Ho salutato i genitori con un inchino. Eravamo felici di questo incontro. Ho fatto una battuta sull’assembramento dei bambini, ma nessuno aveva paura. Io un filino sì, ma la situazione dei contagi in tutta la Sardegna è sempre a livello di zero o poco più, quindi potevamo permetterci il lusso di rilassarci e goderci l’incontro.

Lentamente mi sono avvicinata alla teleferica, qualcuno ha urlato: La maestra! e mi è venuto incontro festosamente. La gioia era palpabile e volendo avremmo potuto abbracciarci, ma non l’abbiamo fatto, ci siamo trattenuti. Tutti avevano qualcosa da dirmi e le voci si sovrastavano. Non capivo granché, ma andava bene così.

Nel frattempo sono arrivati tutti gli altri, compreso il fotografo. Non volevamo rinunciare all’ultima foto delle elementari. Una foto dove nessuno indossa il grembiule, come negli ultimi mesi di scuola, una scuola senza aule, lavagne e grembiuli. Ma una scuola che nonostante tutto è andata avanti lo stesso.

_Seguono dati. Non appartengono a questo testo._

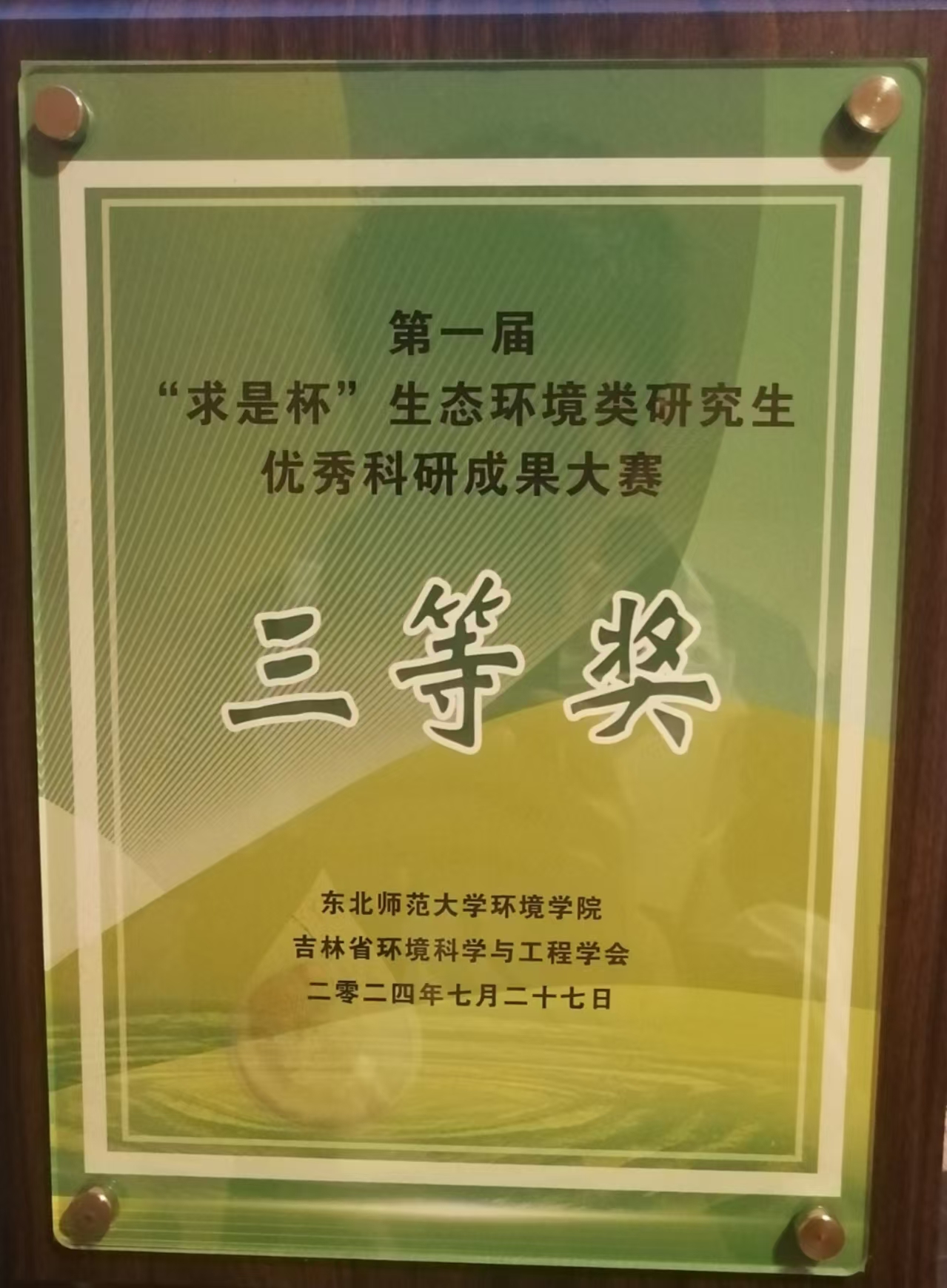 Guo Weihong, Li Pan, and Huang Xianxian from the research group won the third prize in the first "Qiushi Cup" Outstanding Research Achievement Competition for Ecological Environment Graduate Students

Dopo la foto, abbiamo fatto un grande cerchio e abbiamo dato via ai saluti formali. Nel mio discorso ho ripercorso cinque anni della nostra vita, il cammino fatto insieme e l’importanza di aver superato con la fiducia e la collaborazione di tutti momenti molto difficili. Il sostegno e l’affetto non sono mai venuti meno, neanche in quei terribili giorni di chiusura, quando nel paese era sceso un silenzio irreale e neanche i cani abbaiavano.

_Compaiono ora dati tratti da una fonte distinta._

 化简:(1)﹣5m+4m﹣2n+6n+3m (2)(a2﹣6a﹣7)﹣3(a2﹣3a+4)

Ad uno ad uno abbiamo chiamato i bambini e consegnato un diploma e un regalo. Poi è arrivato il nostro turno, i bambini hanno letto le poesie dedicate a noi insegnanti e dato il regalo. Gradito per l’eleganza e la semplicità. Le lacrime non sono tardate ad arrivare.

Fortunatamente non è finita così, maestre e bambini ci siamo ritrovati in pizzeria per mangiare la pizza a pranzo, come facevamo due volte al mese nella mensa della scuola, un altro bel regalo dei genitori per i figli e per le maestre.

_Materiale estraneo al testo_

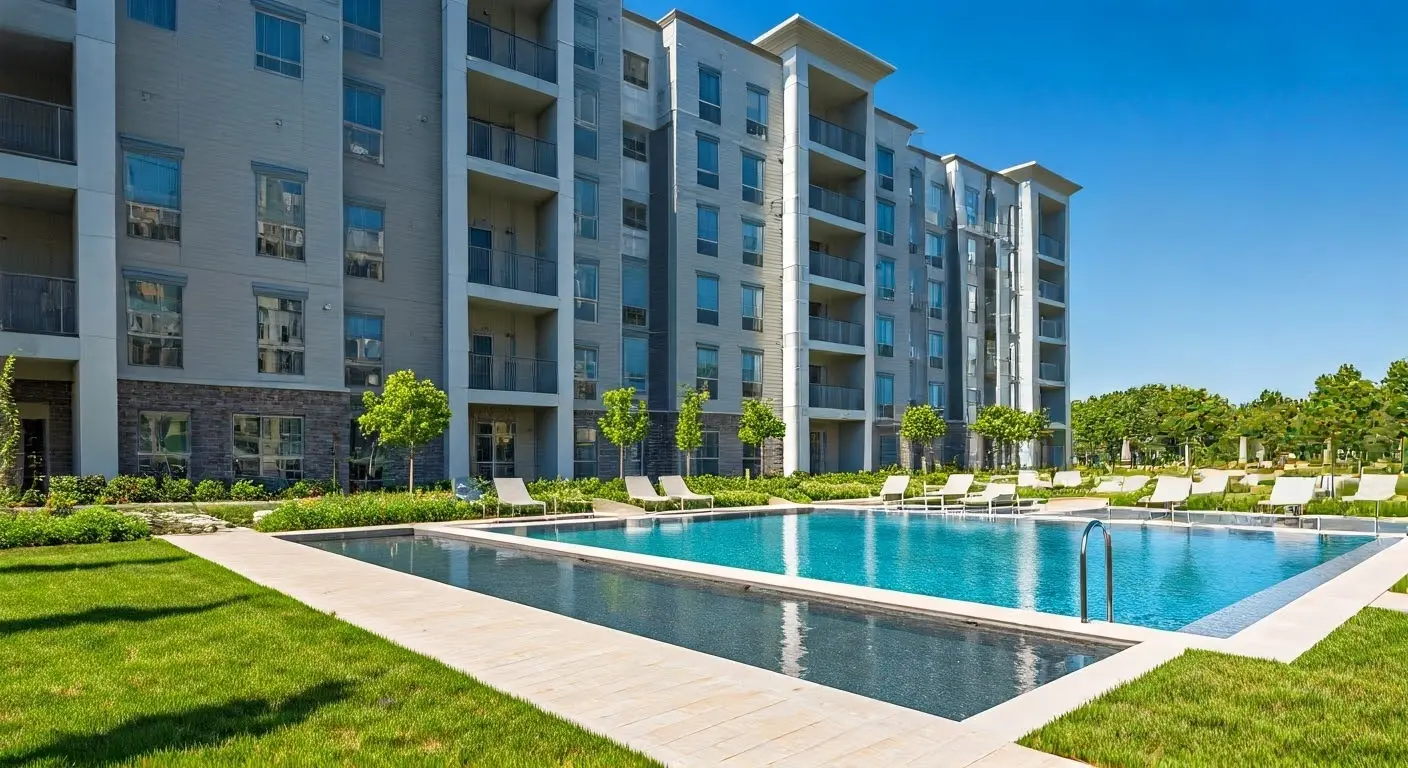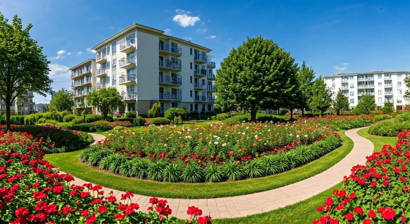 Contemporary apartments with lush gardens.

Al momento dei saluti abbiamo rotto il protocollo sanitario e ci siamo abbracciati e salutati. Che bello! A tre settimane dall’incontro non si rilevano contagi. È andata.

Ieri ho messo a posto la libreria e la scrivania. Ho buttato tanto materiale accumulato in questi anni ciclo scolastico, tanto non l’avrei ripreso in mano mai più.

Le cose più importanti sono ben presenti nel mio cuore e nella mia mente, ma altre ancora più importanti le ho addosso, fanno parte di me della mia esperienza professionale e persole. Incontrare gli altri ci cambia, figuriamoci quanto mi abbia cambiato e plasmato insegnare in questa classe per quattro anni!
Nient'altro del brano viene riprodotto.